1. Flow limitation in biological systems: expiratory flow limitation (bronchitis, emphysema, asthma), inspiratory flow limitation (snoring, obstructive sleep apnea), blood flow in the pulmonary circulation (Zone 2), CPR stroke volume, systemic venous return
2. Cardiopulmonary interactions
3. Measurement and analysis of mechanical properties of human and animal lungs: pressure-volume relationships, interdependence between lung elements, effects of lung inflation on lung blood volume
4. Mechanisms of gas exchange in human lungs
5. Mechanisms of severe asthmatic attack
6. Identification and quantification of risk factors for COPD
7. Use of pulmonary function testing for diagnosis of respiratory disease and for epidemiologic studies
8. Elucidation of the control of cardiac output from interaction between the peripheral circulatory system and cardiac function.

Each of the blocks in this figure signifies one of areas of Sol Permutt’s research. The sizes of the blocks represent the relative numbers of publications in the areas.

The structural basis of airways hyperresponsiveness in asthma

For many years, asthma researchers implicated inflammatory mediators and abnormal airways smooth muscle activity for airway hyperresponsiveness in asthma (>20% fall in forced vital capacity after a bronchoconstricting challenge).  Permutt and colleagues1 postulated that  increased airway wall thickness could explain this phenomenon.

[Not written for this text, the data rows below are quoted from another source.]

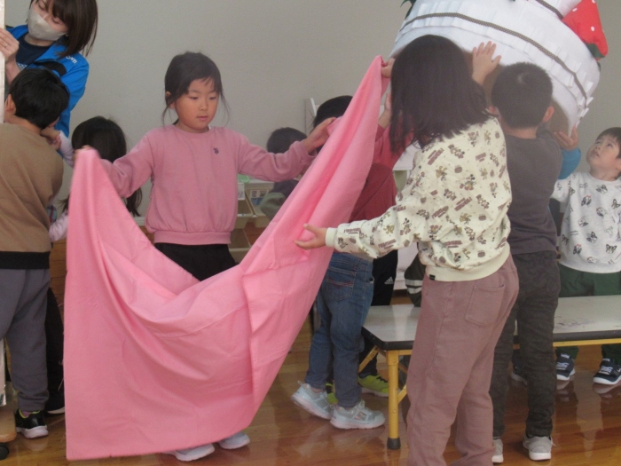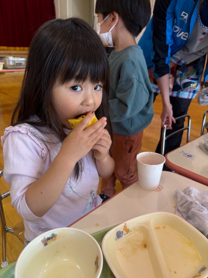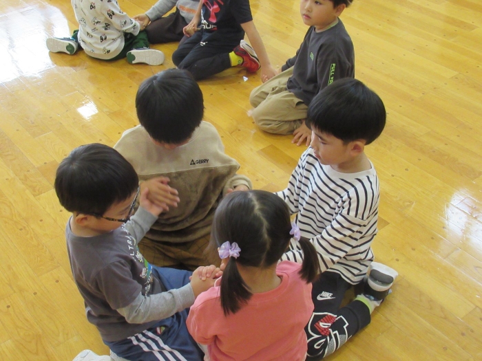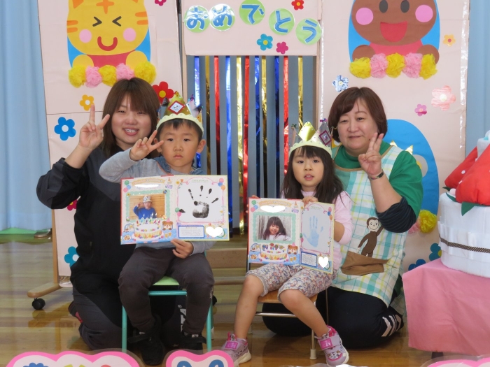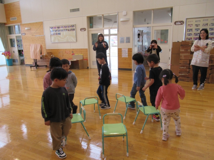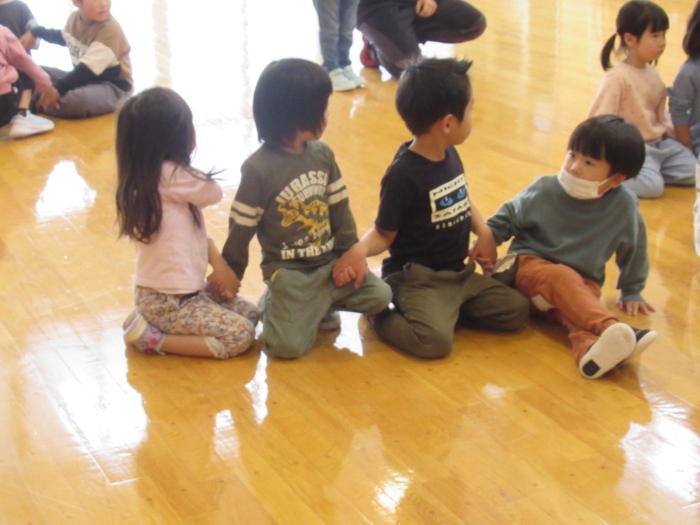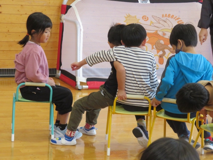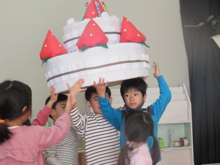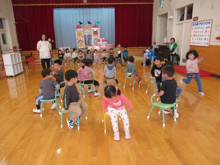 今日は11月のお誕生会、たけのこさん1名、いちごさん1名のお祝いでした。ステージ上で落ち着いて座り参加しているたけのこ組のY君、初めての誕生会でウキウキ嬉しさが止まらないいちご組のNちゃんの姿が印象的でした。今日のお楽しみは二つ。椅子取りゲームでは、座ることができず悔し涙を流すお友達もいましたが、それも大切な経験ですね。「次は頑張るぞ~」という気持ちを持って、また楽しんでほしいと思います。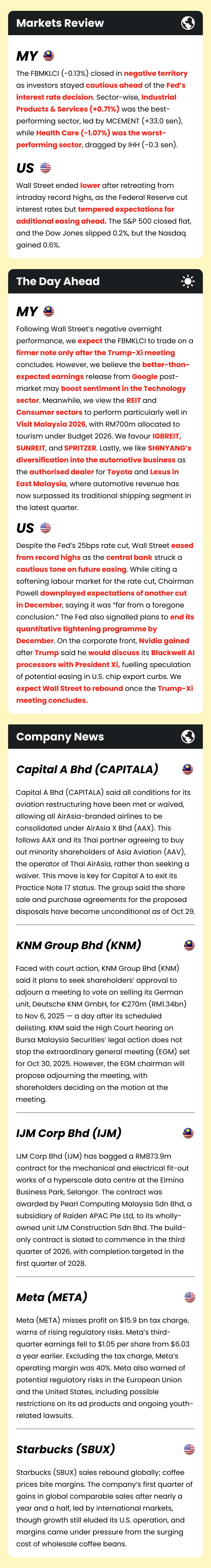 Market Morning Updates | 30 October 2025 Market Morning Updates | 30 October 2025 M+ Research October 30, 2025 1 min read Share on X/Twitter Share on Facebook Share on LinkedIn Share on Pinterest Email Copy Link On this page Stocks mentioned in this article:MCEMENT IHH IGBREIT SUNREIT SPRITZER SYGROUP CAPITALA KNM IJM NVDA META SBUX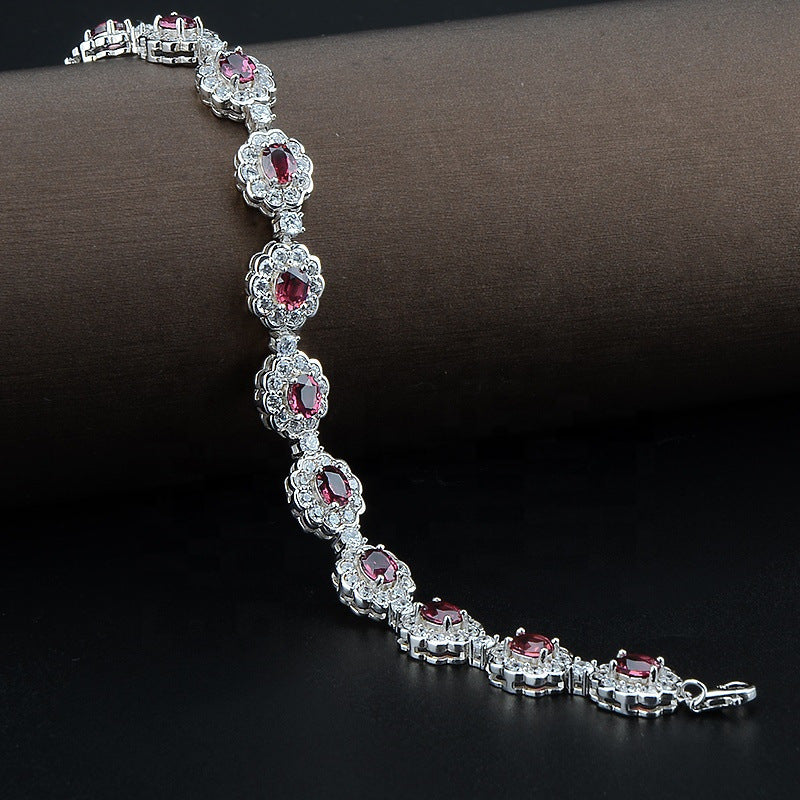 Fashion Ruby Bracelet Women Tennis Bracelet Valentine's Day Gift Flower Bracelet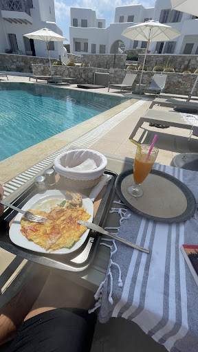 My husband and I stayed for 4 nights in the first week of September. Hotel offers impeccable cleaning service, new structure and a beautiful pool. It is located 07 minutes walk from Chora, the charming village of restaurants and commerce. Staffs are friendly and helpful.|| ||Points of attention: the hotel is located on a hill in front of the ocean. If you have any morbidity you should consider. Just as if your stay is on a windy week (which is common in the region), the use of the pool and the balcony will be compromised as will the silence of the rooms. ||As the rooms are to ocean, the winds bring absurd noises in the doors and windows. The wind level is so strong that you feel pressure in your ears with the bedroom door open. What does not happen in hotels located in the center of Chora due to the natural protection of the place. ||||Despite the great space of the room, we had back pain during our stay due to the hard mattress.||||The hotel does not offer breakfast included in the rate. On our first day we tried to eat but the service was slow and we gave up. Which was great because in the center of Chora you can find options with better value for money and...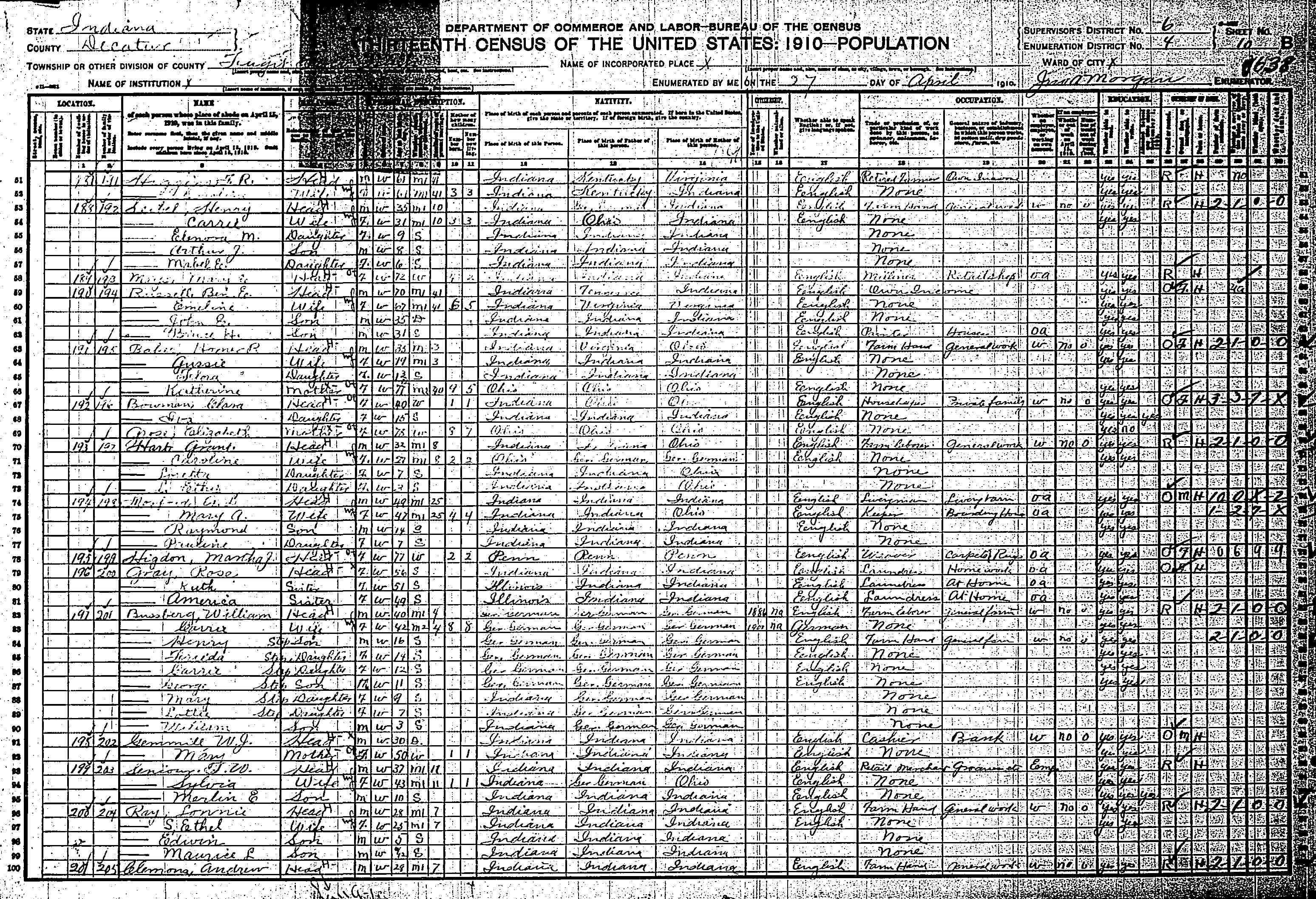 | Line | Family | Name | Relation | Sex | Color | Age | Status | Years | Total | Living | Self | Father | Mother | Occupation | XR | XW | B | D |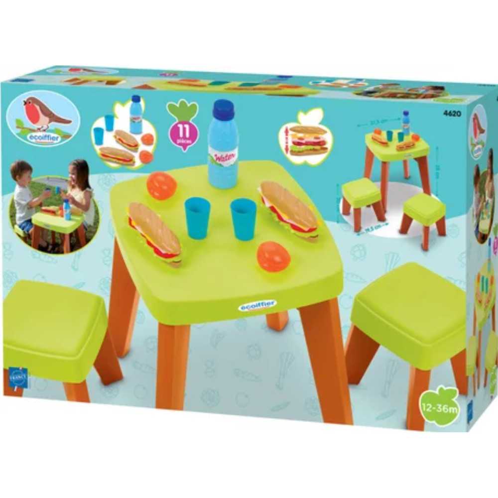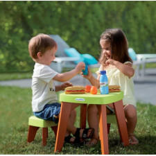 Table pique-nique pour les enfants à partir de 12 mois, équipée de 2 sandwiches, 2 fruits, 2 gobelets 1 bouteille d'eau et de 2 tabourets pour s’installer confortablement à l’intérieur comme à l’extérieur - 11 pcs au total - Hauteur de l'assise : 20 cm - Hauteur de la table : 38 cm - Âge requis : dès 12 mois - Conditionnement du colis : colis normal - Attention - Ne convient pas aux enfants de moins de 18 mois - Longue corde/Longue chaîne - Danger de strangulation.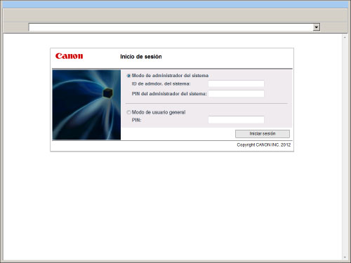 Seleccione [Modo de administrador del sistema] e introduzca un ID del administrador del sistema o un PIN admdor. del sistema y, a continuación, haga clic en [Iniciar sesión] para iniciar sesión en la IU remota o en una aplicación MEAP (incluidas las aplicaciones de inicio de sesión).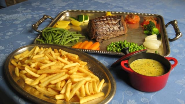 Filet grillé beurre maître d'hôtel, frites et légumes

They examined pulmonary function and airways structure by CT scan in 21 moderate to severe asthmatics before and after maximal airway dilation with albuterol, an inhaled bronchodilator.  The effect of baseline tone was the bronchoconstricting challenge.

Baseline tone caused marked increases in residual volume (RV) and functional residual capacity (FRC) but only small decreases in forced vital capacity (FVC) because increases in total lung capacity (TLC) helped preserve FVC.  These protective tone-induced increases in TLC were highly determined by how much the FRC increased with RV (not shown).  An analysis of airway structure revealed that the rise in FRC was dependent on relaxed large airway luminal diameter (but not the constricted luminal diameter or the change in diameter with tone) as shown below:

Only the asthmatics with relaxed large airway luminal diameters <13 mm reacted to baseline tone with progressive reductions in FVC (i.e. hyperresponsiveness).   To quote Sol: “In summary, the findings of this study suggest that the magnitude of the hyperresponsiveness in asthma is a function of the intrinsic structure of the airways”.
Brown RH, Pearse DB, Pyrgos G, Liu MC, Togias A and Permutt S. The structural basis of airways hyperresponsiveness in asthma. J Appl Physiol 101: 30-39, 2006

Expiratory Flow Limitation

At any given lung volume, increasing effort to exhale causes increased expiratory flow, but only until a maximal flow is obtained.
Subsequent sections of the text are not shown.